[EM] Markov chain approaches
Jobst Heitzig
heitzig-j at web.de
Sun May 16 03:41:05 PDT 2004
Some addition:
The second and third example I gave seem to be related to another
Markov-chain method studied by Giora Slutzki and Oscar Volij (Scoring of
web pages and tournaments - axiomatizations, Working paper, Iowa State
University, 2003. Cited after Giora Slutzki and Oscar Volij: Ranking
Participants in Generalized Tournaments, 2003,
http://volij.co.il/publications/papers/ordinalrank3.pdf) and before by
Levchenkov.
Their "fair-bets method" (= Levchenkov's "self-consistent rule")
corresponds to putting
pBA := no. of voters prefering B to A, divided by the sum of those
numbers summed over all B.
They not only choose a winner but rank the options according to their
limit probability. As with my second example, I'm not sure whether the
winner is always in the Smith set.
Interestingly, they characterize this method as the *unique* method
(among all methods constructing a *quasi-order* on the options)
satisfying six axioms they call "dominance", "quasi-completeness",
"separability", "anonymity", "neutrality", and "negative responsiveness
to losses".
"Dominance" seems to say that when there is a beatpath from A to B, but
none from B to A, A must end up above B.
"Quasi-completeness" seems to say that A may only end up incomparable to
B when neither has a beatpath to the other.

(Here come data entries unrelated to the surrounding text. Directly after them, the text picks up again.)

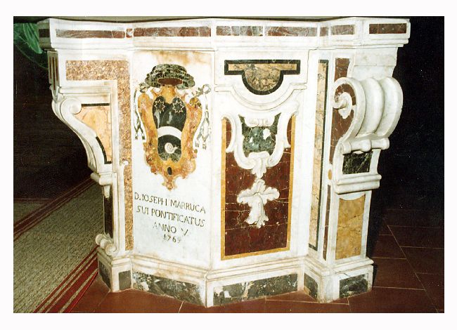 - ISCRIZIONI laterale sud, sotto lo stemma - D. IOSEPH MARRUCA/ SUI PONTIFICATUS/ ANNO V/ 1769 - lettere capitali - ad alveoli -
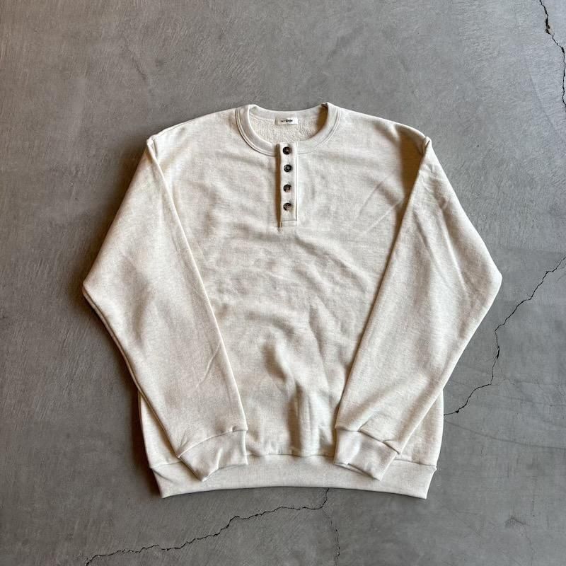 イギリスの伝統的なハイゲージニットを象徴する老舗ニッターが手掛けてきたウエアからインスピレーションを得て作成した、ヘンリーネック仕様の長袖スウェット。上質な素材使いとクラシックなディテールを踏襲しながら、現代的なリラックス感をプラスしています。生地の贅沢さや風合いをしっかり堪能できるよう身幅や肩幅にはゆとりを持たせ、程よく抜け感のあるシルエットに仕上げました。前たてには、一般的にはカットソーには使用することのない現在では入手が難しくなりつつある希少な本水牛ボタンを贅沢に使用しました。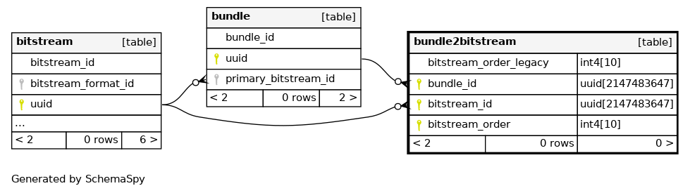 | bundle2bitstream_pkey | Primary key | Asc/Asc/Asc | bitstream_id + bundle_id + bitstream_order |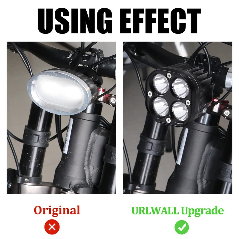 • Bright Farther Wider View - Small square of LED chips design, Headlight spotlight,6000K bright white light beam. Compared with the original headlights, the upgraded design has a farther and broader field of view, make your nighttime riding even better and safer.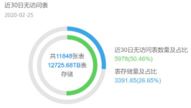 先来看一组统计数据,这是某数据中台项目,表相关的使用统计。从中你可以发现,有一半的表在 30 天内都没有访问,而这些表占用了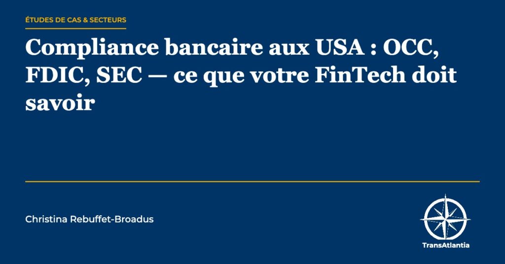 Compliance bancaire aux USA : OCC, FDIC, SEC — ce que votre FinTech doit savoir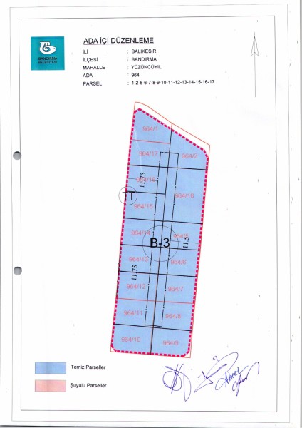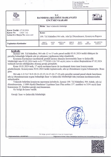 Belediye Encümeninin 07.02.2024 tarih ve 142 sayılı Encümen kararı ile 100. Yıl Mahallesi, 964 ada 1, 2, 5, 6, 7, 8, 9, 10, 11, 12, 13, 14, 15, 16, 17 nolu parsellere ait ada içi düzenlemesinin, 1/1000 ölçekli Bandırma Uygulama İmar Planı notlarının 137. Maddesi ve 3194 sayılı İmar Kanununun 19. maddesi gereği onaylanmasına,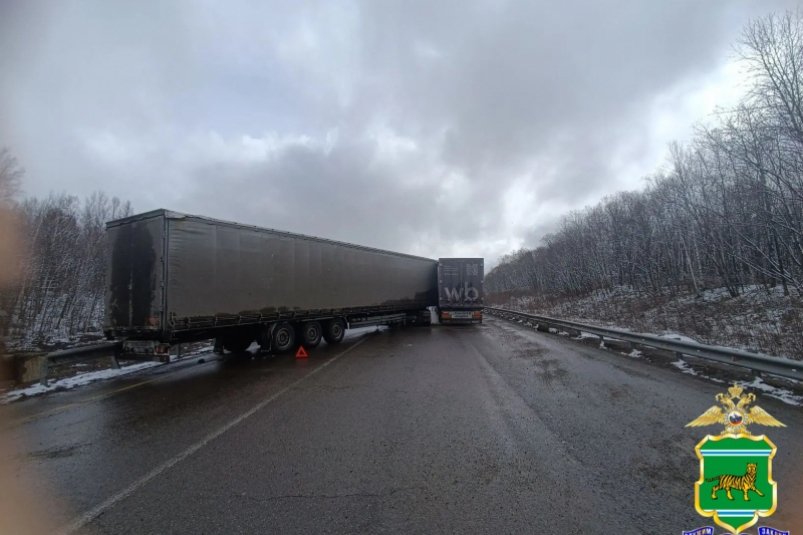 По предварительным данным, 23.04.2026 в 05.30 на ФАД "Чита-Хабаровск" в Облученском районе водитель автомобиля "ФАВ" с полуприцепом не учел состояние дорожного покрытия, не справился с рулевым управлением и совершил наезд на стоящий автомобиль "Валдай" с полуприцепом. В результате ДТП автомобили получили механические повреждения.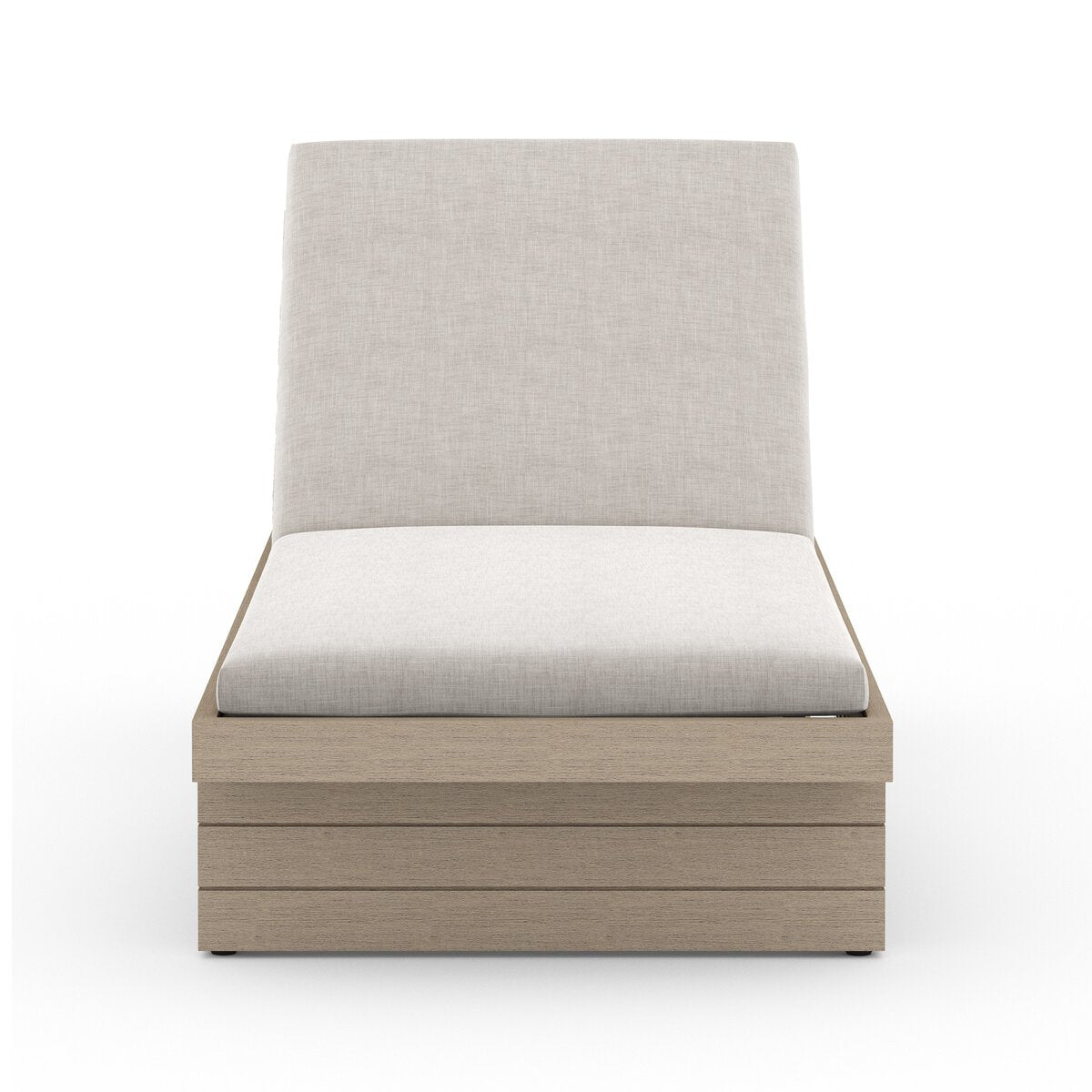 Recline in style, indoors and out. Solid FSC-certified teak offers clean, substantial framing for UV-resistant and water-repellent Sunproof fabric. Cover during inclement weather and when not in use. Our Weatherproof Single Outdoor Chaise Cover fits this chair.

"Separability" seems to say that the ranking can be computed
independently in "leagues", which are the maximal classes of options in
which each has a beatpath to each other.
"Anonymity" is just what we know under the name.
If I understand these four axioms right, it seems to me that Tideman and
River fulfil them, hence the crucial point must be the other two axioms:
"Neutrality": Now this is something I did not understand yet.
Quote:
"Neutrality requires that if two problems are such that the ranking
method cannot rank any player [that is, any option! JH] above another,
then the ranking method should still be unable to rank one player above
another when considering the two problems together as a single problem.

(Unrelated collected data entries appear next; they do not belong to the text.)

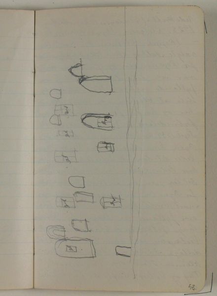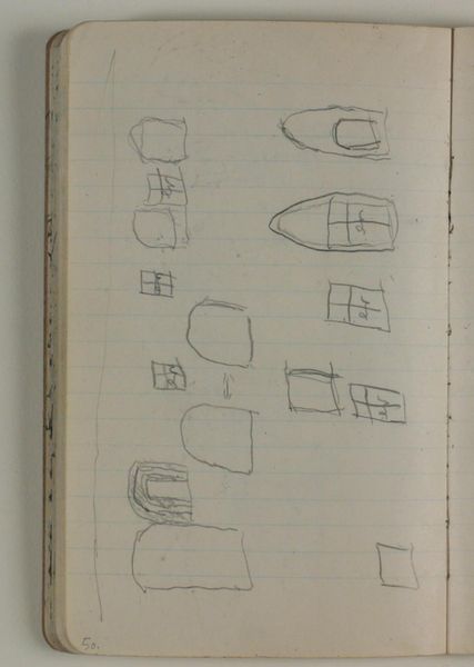 Editor: This is "Forskellige tegninger," or "Various Drawings," from 1933-1934, attributed to Anna Larsen Stevns, though that's tentative. It’s pencil on paper, and it looks like a page torn from a sketchbook, filled with geometric shapes. I am interested in this work, I’m trying to get my head around it. What do you see in this piece? Curator: I see an investigation of form driven by the available materials, paper and pencil. Notice the way the artist repeats and varies the shapes, almost as if testing the limits of the pencil and paper. It speaks to the accessibility of art making; that creation stems not from divine inspiration, but simple things like readily accessible tools and materials. How do you see that? Editor: So you're saying the focus isn’t so much on what the shapes represent, but on the act of drawing itself, and how limited materials can generate art. Is that a radical idea? Curator: In some ways, yes. For centuries, art history privileged the grand narrative and the artist’s genius. But a materialist approach draws our attention to the conditions of artistic production. It democratizes art by focusing on the labor and resources involved, challenging traditional distinctions between “high” art and everyday practice. Do the sketchbook and the shapes invite mass consumption, or solitary refinement? Editor: Well, since the sketchbook is available to all, it allows many to start doodling to come up with different shapes. The focus becomes that it's available to consume with an unlimited range of possibilities, and I feel a shift from thinking about this as someone else's precious work. Curator: Precisely. Seeing art this way encourages us to think critically about the systems that create and sustain art making, moving beyond individual expression to consider collective engagement with art and production. Editor: I’ve never thought of it like that before! The raw materials really change the meaning for me. Thanks for pointing out the artistic consumption, materiality, and democratization in this sketch.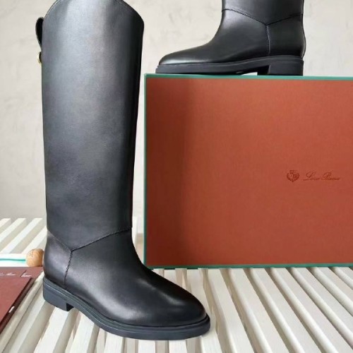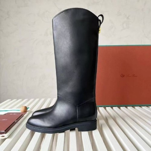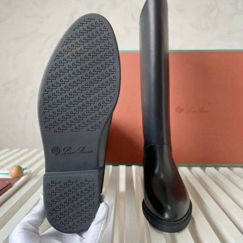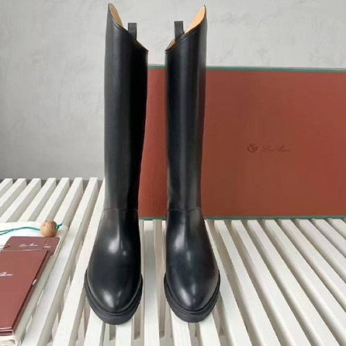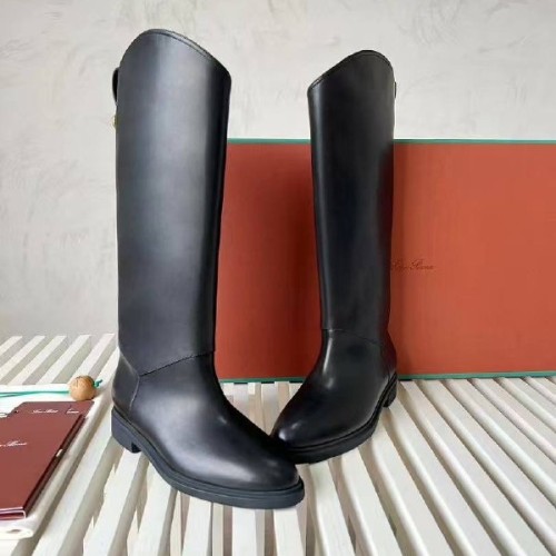 Женские черные сапоги Loro Piano из натуральной кожи. Жокейские сапоги - отличный выбор для создания стильных образов с платьями и юбками в межсезонье. Широкое голенище не только обеспечивает качественную циркуляцию воздуха, но и дарит простор для стильных экспериментов. В нашем интернет-магазине вы можете купить копии сапог с доставкой по Москве и по всей России.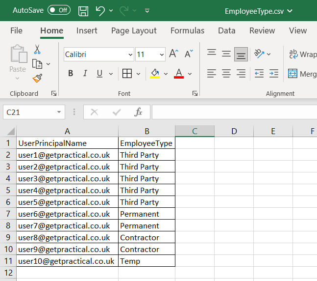 I’ll show you how to change the EmployeeType in Bulk Mode, and as an example I’ve created the following CSV (Comma Separated Value) file. The important thing is that in the command you use the variables exactly as in the header of each column of the CSV file.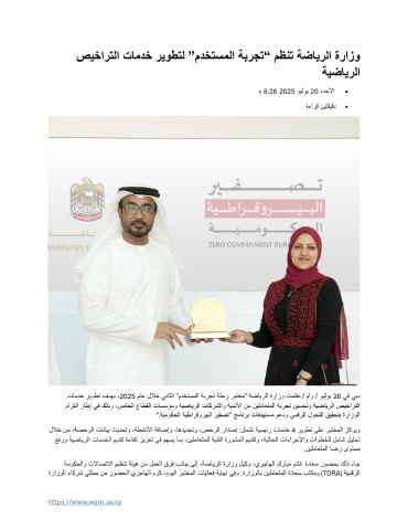 صيخارتلا تامدخ ريوطتل ”مدختسملا ةبرجت“ مظنت ةضايرلا ةرازو

And conversely, if two problems are such that in the first one the
ranking method does not rank one player above another, but in the second
problem there are two players that are strictly ordered, then it must be
the case that, when considering the two problems together, there are at
least two players that are ranked one above the other."

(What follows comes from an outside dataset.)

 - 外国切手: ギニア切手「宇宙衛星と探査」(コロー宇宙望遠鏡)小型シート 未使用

At least this seems to apply only in rare cases, where the method fails
to construct any strict ranking at all...
Finally, "negative responsiveness to losses" seems to be the crucial
point implying the fair-bets method: Suppose in some situation, the
method cannot but rank all options equal. Suppose further that now for
each option A some non-negative number lambda(A) is chosen and the
number of voters prefering B to A is multiplied by lambda(A) for each
A,B. Then the axiom requires that the method must now put A above B if
and only if lambda(A)<lambda(B).
I don't know what the rationale behind this last axiom is, but perhaps
someone can find it. However, I have the feeling that it must be somehow
related to the MinMax rule and to breaking cycles at the weakest link...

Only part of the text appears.